1. Overview
In
previous chapters, we examined the variability associated with the sum of a box
(Chapter 17) and of percentages (Chapters 19, 20 and 21). In chapter 23, we
turn to the variability of sample averages.
2. Example
Suppose
we draw a simple random sample of size n from a large population. An example might be -- draw a simple random
sample (SRS) of 100 American women from the population of all American women.
Measure their heights. Suppose we knew
that the population has mean of 5'3" and a standard deviation of
2.5". (you know what the box looks like for now)
Then
each woman drawn from the "box" has an expected height of 5'3"
with a SE = 2.5"; in other words, each woman is expected to be like the
original distribution. For the sample
of 100, the expected value for the average of 100 draws is simply equal to the
average of the box. You could also think of it as the sum of the draws divided
by the number of draws, but again, that's just the average. (see page 410)
The standard
error for the sample of 100 is
square root (number of draws) x SD of the box
----------------------------------------------
number of draws
for a sample of
100 from this particular box the standard error would be:
10 x 2.5
--------- = .25 inches
100
3. Interpretations
When
you draw just one woman at random from the "box", your best guess
about her height is 5'3" and there is a 68% chance that she will be within
2.5" of that value, a 95% chance that she will be within 5" of that
value.
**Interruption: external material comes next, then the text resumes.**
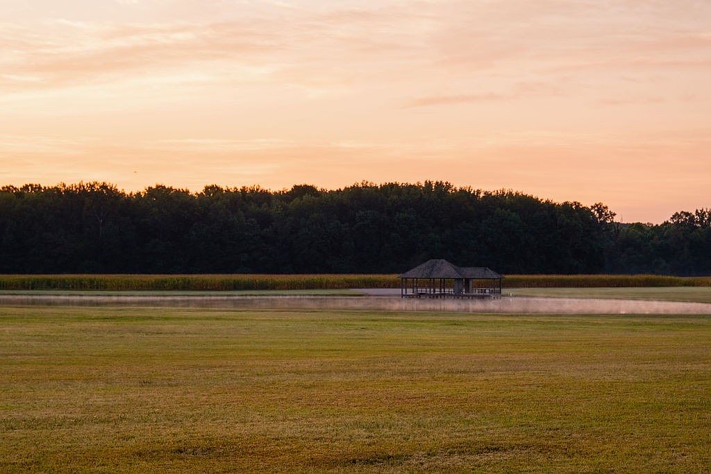 Expansive backyard with a lush, open grassy lawn leading up to a serene pond, perfect for children to play or for outdoor family gatherings. In the center of the pond, a charming wooden pavilion with a gabled roof provides a shaded spot for relaxation, picnics, or fishing. The landscape is framed by tall, mature trees along the horizon, offering privacy and a natural backdrop. The warm tones of a sunrise or sunset create a peaceful ambiance, with soft pink and orange hues in the sky. This scenic space encourages outdoor enjoyment and a quiet, family-friendly atmosphere.

When you are drawing 100 women
from the box at random. Your best guess about their average height is still
5'3", but now there is a 68% chance that you will be within .25 inches of
the population average. And there is a 95% chance of being within 1/2 inches of
the population average.
We can make these probability statements for the average of draws from a box even when the underlying population is not normally distributed. It's the average of all of the samples (in theory) which are normally distributed. This works when your samples are reasonably large (30 or more is reasonable)
4. Properties
The
expected value of the sample average is the population average. (see page 410)
The standard error of the
sample average is the standard error for the sum of the sample/number of draws,
where the standard error for the sum is the square root of the number of draws
multiplied by standard deviation of the population. (also page 410)
Thus, the
standard error of a sample, say with twenty people, will be smaller than the
standard deviation for individual measurements. It's easier to predict the
average for a group than it is to predict a single measurement.
The
probability histogram, that is, the distribution of sample means, will follow a
normal curve even if the underlying population does not. The samples drawn must
be of a reasonable size (> 30).
5. When the population mean and standard deviation are
unknown (23.2)
This
is like the material presented in Chapter 21 and reflects real life. Usually,
you don't know "the truth" and can't really measure it. But you may
have a good sample. Just like chapter
21, you use sample information to make statements about the population. Again,
in the form of confidence intervals.
Suppose a
psychologist wants to know the average IQ of the 28,000 students at USC. Suppose
he takes a simple random sample of 100 and the sample average turns out to be
95. The standard deviation of the sample is 50.
The average IQ
of all USC students is estimated as 95, but of course there is always chance
error when you are dealing with samples. He will want to put a +/- estimate
around the 95.
To do that, he
will need an SE. Things to do
square root(number of draws) x SD of the sample
SE for the sum
--------------
number of draws
95 +/- 5 (1 SE) (for 68% confidence)
95 +/- 10 (2 SE) (for 95% confidence -- what would 99% confidence look like?)
In about 68% of
all samples of size 100, if you go +/- 5 IQ points from the sample average of
95, you will cover the USC population average. In about 95% of all samples of
size 100, if you go +/- 10 IQ points from the sample average of 95, you will
cover the USC population average. Or, you might make statements of confidence:
"I am 68% confident that the range 90 to 100 covers the true USC IQ
average" or "I am 95% confident that the range 85 to 105 covers the
true USC IQ average". Human IQ
average 100, so it is entirely possible that the true mean IQ of USC students
is 100.
Remember that the normal curve is a good approximation of the distribution of sample averages if you could sample again and again. It allows you to make probability statements.
6. Things to keep in mind
A. Am I moving forward from a known box? If yes, I can probably
make some strong statement about a sample. (statement of chance or probability)
B. If the box is unknown, I'm moving backward from a sample and
cannot make as strong of a statement about the parameter. (confidence interval)
C. When you don't know much about the original population, the distribution of sample averages will be normal, but the underlying original population is not necessarily normal.
7. Some Examples to Test You
IQ
scores are normally distributed with a mean of 100 and a standard deviation of
16. A sample of 25 persons is drawn. How likely is it to get a sample average
of 108 or more? How likely is it to select one person with an IQ of 108 or
more? (0.6 of 1%, 31%)
A
utility company serves 50,000 households. As part of a survey of consumer attitudes,
they took a simple random sample of 750 households. The average number of TV
sets in the sample is 1.86 and the SD is 0.80. Find a 95% confidence interval
for the number of TV sets in all 50,000 households.